== What you need to do ==
Begin at the line containing "മടിക്കൈ: 28 വര്ഷത്തിന്റെ" in the records below, end at the line containing "2018.8.1 국민연금법 시행령", and retype each line in that span exactly. No other line and no image should appear.

== Material supplied ==

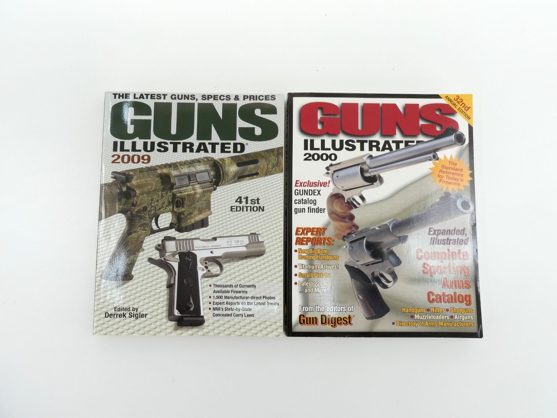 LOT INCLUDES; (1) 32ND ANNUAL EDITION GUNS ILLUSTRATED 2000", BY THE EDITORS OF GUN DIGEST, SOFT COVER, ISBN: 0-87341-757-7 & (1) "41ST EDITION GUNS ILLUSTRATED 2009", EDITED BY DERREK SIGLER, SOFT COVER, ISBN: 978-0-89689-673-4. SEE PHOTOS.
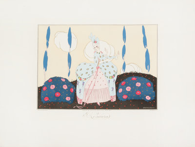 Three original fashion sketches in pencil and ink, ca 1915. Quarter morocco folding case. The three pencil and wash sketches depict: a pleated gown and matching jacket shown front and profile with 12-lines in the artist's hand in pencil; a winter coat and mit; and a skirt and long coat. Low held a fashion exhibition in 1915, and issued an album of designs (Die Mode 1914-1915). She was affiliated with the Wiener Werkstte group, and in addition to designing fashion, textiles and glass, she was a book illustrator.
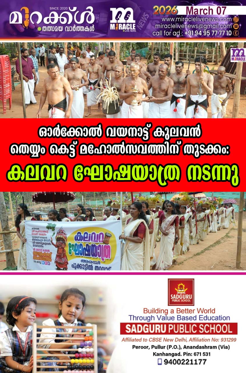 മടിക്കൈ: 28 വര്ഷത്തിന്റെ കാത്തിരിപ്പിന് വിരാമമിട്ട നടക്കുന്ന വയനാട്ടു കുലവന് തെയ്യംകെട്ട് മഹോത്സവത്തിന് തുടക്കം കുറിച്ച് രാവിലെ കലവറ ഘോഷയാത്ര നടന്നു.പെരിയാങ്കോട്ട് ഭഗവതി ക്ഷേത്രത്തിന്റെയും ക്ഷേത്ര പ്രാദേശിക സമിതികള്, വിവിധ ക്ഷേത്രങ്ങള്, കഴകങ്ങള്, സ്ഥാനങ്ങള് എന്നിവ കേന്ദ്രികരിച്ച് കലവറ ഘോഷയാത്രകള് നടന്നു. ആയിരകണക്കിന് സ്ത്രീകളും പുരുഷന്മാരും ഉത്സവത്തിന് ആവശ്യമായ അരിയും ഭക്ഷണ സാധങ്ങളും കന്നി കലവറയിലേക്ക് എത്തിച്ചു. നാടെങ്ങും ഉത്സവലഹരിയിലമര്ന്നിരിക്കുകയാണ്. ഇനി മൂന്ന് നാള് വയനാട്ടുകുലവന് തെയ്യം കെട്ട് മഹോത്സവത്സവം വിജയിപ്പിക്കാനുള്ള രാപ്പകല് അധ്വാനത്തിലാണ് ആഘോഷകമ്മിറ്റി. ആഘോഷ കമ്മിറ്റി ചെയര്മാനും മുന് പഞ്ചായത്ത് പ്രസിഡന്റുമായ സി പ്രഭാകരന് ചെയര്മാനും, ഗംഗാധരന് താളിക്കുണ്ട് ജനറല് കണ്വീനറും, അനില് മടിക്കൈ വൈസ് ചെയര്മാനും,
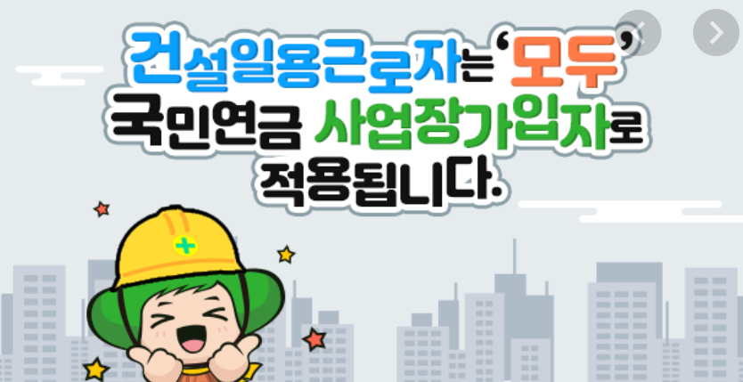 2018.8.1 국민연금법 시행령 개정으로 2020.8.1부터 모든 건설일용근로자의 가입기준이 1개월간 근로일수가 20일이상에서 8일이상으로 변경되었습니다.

* * *

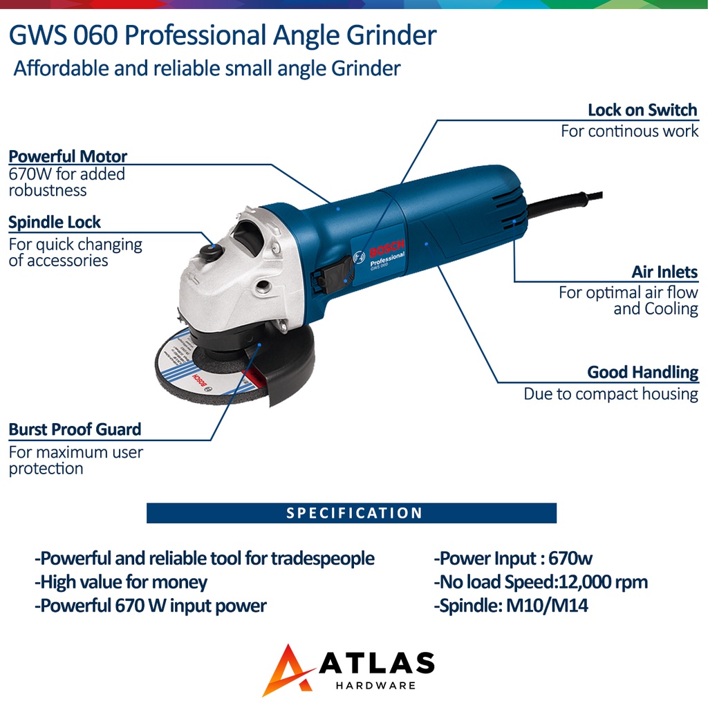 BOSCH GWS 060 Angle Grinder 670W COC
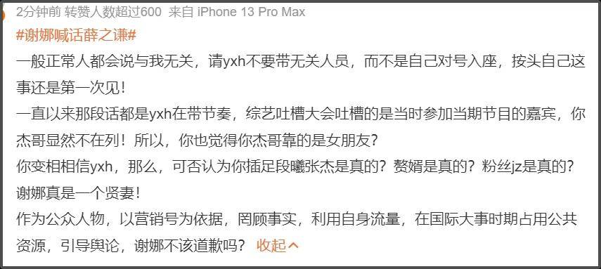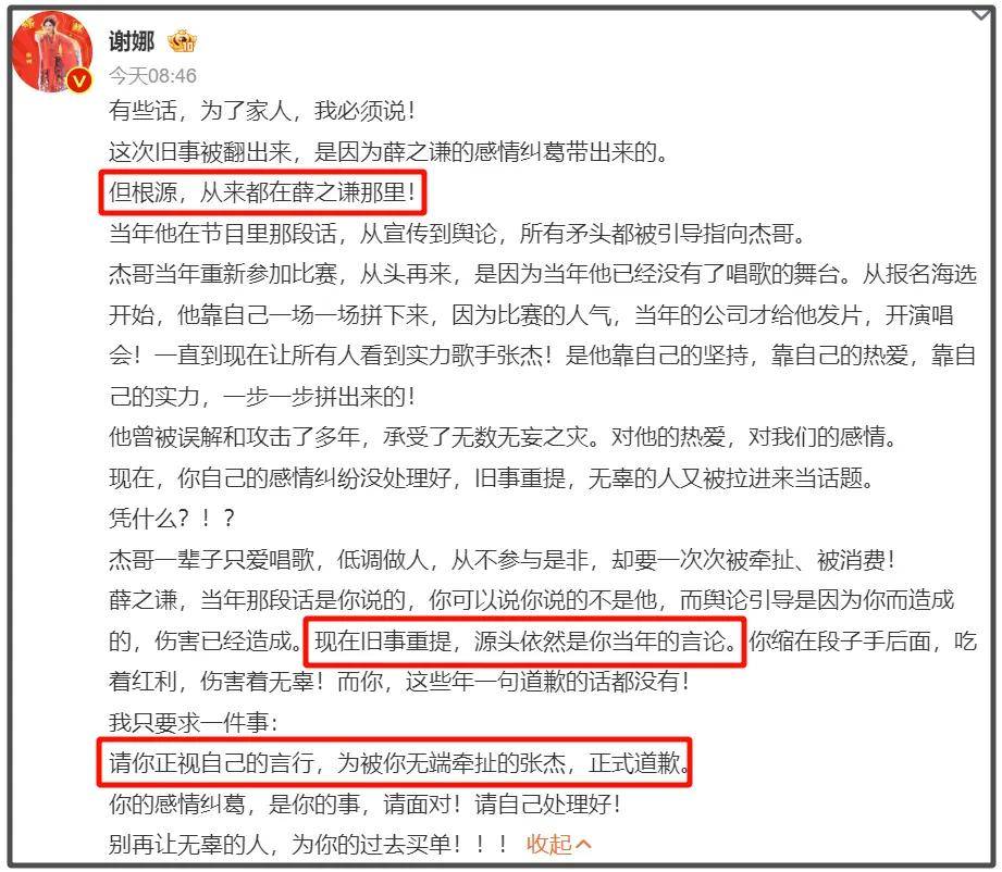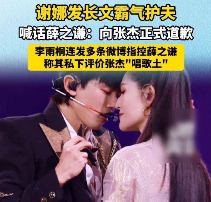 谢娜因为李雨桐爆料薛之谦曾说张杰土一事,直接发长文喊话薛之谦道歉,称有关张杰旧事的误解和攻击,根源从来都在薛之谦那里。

== Solution ==
 മടിക്കൈ: 28 വര്ഷത്തിന്റെ കാത്തിരിപ്പിന് വിരാമമിട്ട നടക്കുന്ന വയനാട്ടു കുലവന് തെയ്യംകെട്ട് മഹോത്സവത്തിന് തുടക്കം കുറിച്ച് രാവിലെ കലവറ ഘോഷയാത്ര നടന്നു.പെരിയാങ്കോട്ട് ഭഗവതി ക്ഷേത്രത്തിന്റെയും ക്ഷേത്ര പ്രാദേശിക സമിതികള്, വിവിധ ക്ഷേത്രങ്ങള്, കഴകങ്ങള്, സ്ഥാനങ്ങള് എന്നിവ കേന്ദ്രികരിച്ച് കലവറ ഘോഷയാത്രകള് നടന്നു. ആയിരകണക്കിന് സ്ത്രീകളും പുരുഷന്മാരും ഉത്സവത്തിന് ആവശ്യമായ അരിയും ഭക്ഷണ സാധങ്ങളും കന്നി കലവറയിലേക്ക് എത്തിച്ചു. നാടെങ്ങും ഉത്സവലഹരിയിലമര്ന്നിരിക്കുകയാണ്. ഇനി മൂന്ന് നാള് വയനാട്ടുകുലവന് തെയ്യം കെട്ട് മഹോത്സവത്സവം വിജയിപ്പിക്കാനുള്ള രാപ്പകല് അധ്വാനത്തിലാണ് ആഘോഷകമ്മിറ്റി. ആഘോഷ കമ്മിറ്റി ചെയര്മാനും മുന് പഞ്ചായത്ത് പ്രസിഡന്റുമായ സി പ്രഭാകരന് ചെയര്മാനും, ഗംഗാധരന് താളിക്കുണ്ട് ജനറല് കണ്വീനറും, അനില് മടിക്കൈ വൈസ് ചെയര്മാനും,
 2018.8.1 국민연금법 시행령 개정으로 2020.8.1부터 모든 건설일용근로자의 가입기준이 1개월간 근로일수가 20일이상에서 8일이상으로 변경되었습니다.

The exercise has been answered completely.